With Structural Equation Modeling (SEM) becoming an important statistical tool, this book serves as an excellant guide to the topic. It covers the rudimentary topics that are important in SEM (e.g., sample size, interpretation of goodness of fit indices) as well as a short chapter on some advanced topics (e.g., Bootstrap methods, interactions). Lots of examples included at the end of each chapter as well as one chapter devoted to complete examples (i.e., from formulating models, command lines for the computer package and interpretation of outputs)! Though the many examples stated in the book involve using EQS5 and LISREL8 computer packages, even if the reader does not have these programs, the book is still very useful. If you ever wanted to ask what this or that mean in a SEM analysis that you are doing or have read - this book most probably has the answers! Personally, I have found this to be a helpful introduction to SEM without too much distracting mathematical details. My advice - GET IT!
Randall Schumacker and Richard Lomax's book introduces structural equation modeling (SEM) to researchers with some previous background in applied statistics. It begins with the basics of correlation and then outlines the logic of multiple regression, path analysis, and factor analysis. It presents SEM as a combination of these three analytical techniques. The final chapters discuss more complex SEM procedures. There are also useful discussions of how to report SEM studies and check the validity of SEM results.
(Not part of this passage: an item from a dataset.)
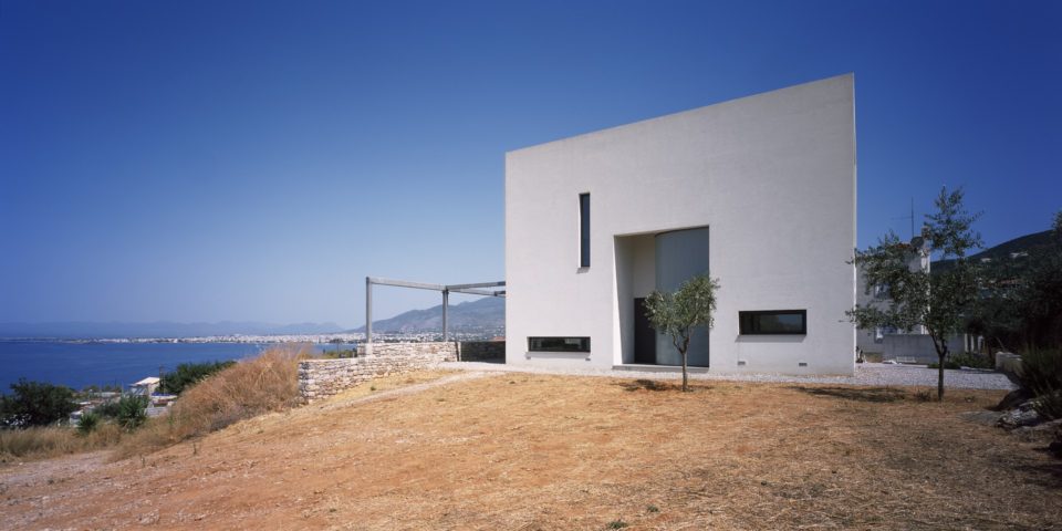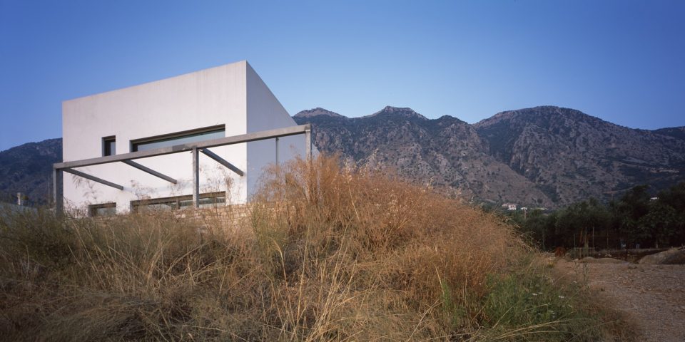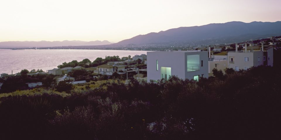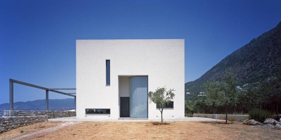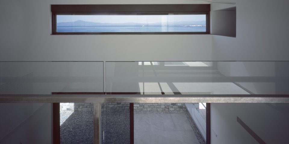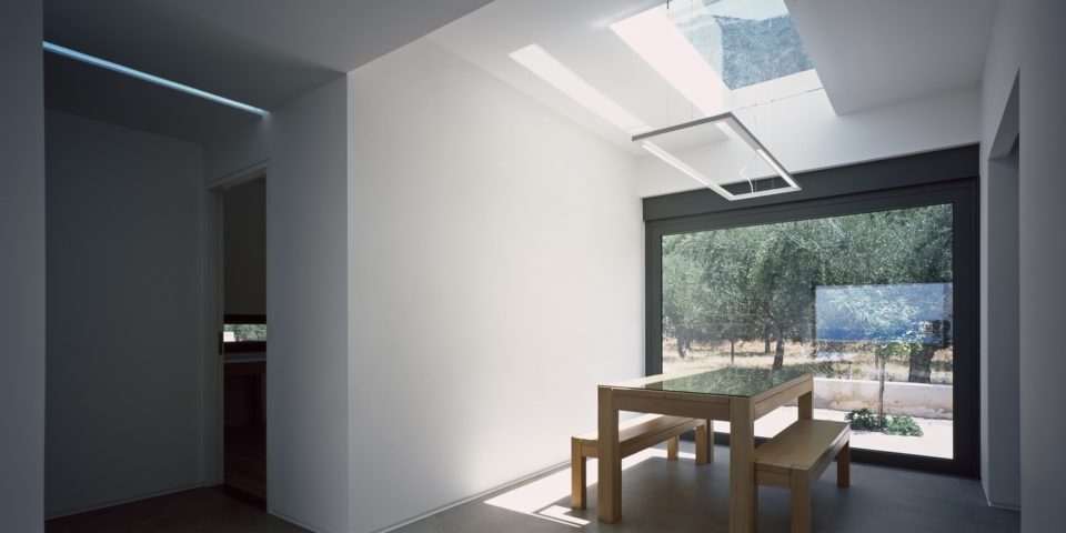 Αποφάσισαν να φέρουν το τοπίο μέσα στο σπίτι, δημιουργώντας μια κεντρική διαμπερή ζώνη που στη µία άκρη της έχει την τραπεζαρία προς τον ελαιώνα και στην άλλη το καθιστικό με θέα προς τη θάλασσας. Σε επιλεγμένα σημεία κατά την κατασκευή του σπιτιού σχεδίασαν σχισμές, που λειτουργούν σαν κάδρα για τις διαφορετικές πολλαπλές θεάσεις του βουνού και της θάλασσας, ανάλογα µε την εποχή και την ώρα της ημέρας.

The SEM model development process of data preparation, specification, identification, estimation, testing, and modification is used to structure discussion across chapters. This organization works well and makes the book useful as a reference as well as a text. Most chapters contain example analyses which are explained in detail. There are also end-of-chapter exercises with answers to odd-numbered problems in an appendix.
A key strength is the book's integration with the LISREL 8.80 Student software, which is available for free download from the web. Early chapters explain the basics of LISREL and how to import data. Subsequent chapters use LISREL code and output in examples and exercises. This kind of hands-on work is essential to learning SEM.
I recommend the book as a text or for independent study for those learning about SEM for the first time.
If you are an intermediate statistician (i.e. you are well grounded in regression in all its forms and aspects) then this will help you on the journey to being advanced. SEQ is difficult but incredibly powerful and use hIt takes you through the process one step at a time and briefly reviews some of the background you need. But don't expect to get enough background just from the book. I think it is now out of print - I got my copy second hand. But an update and re-release would be a good idea.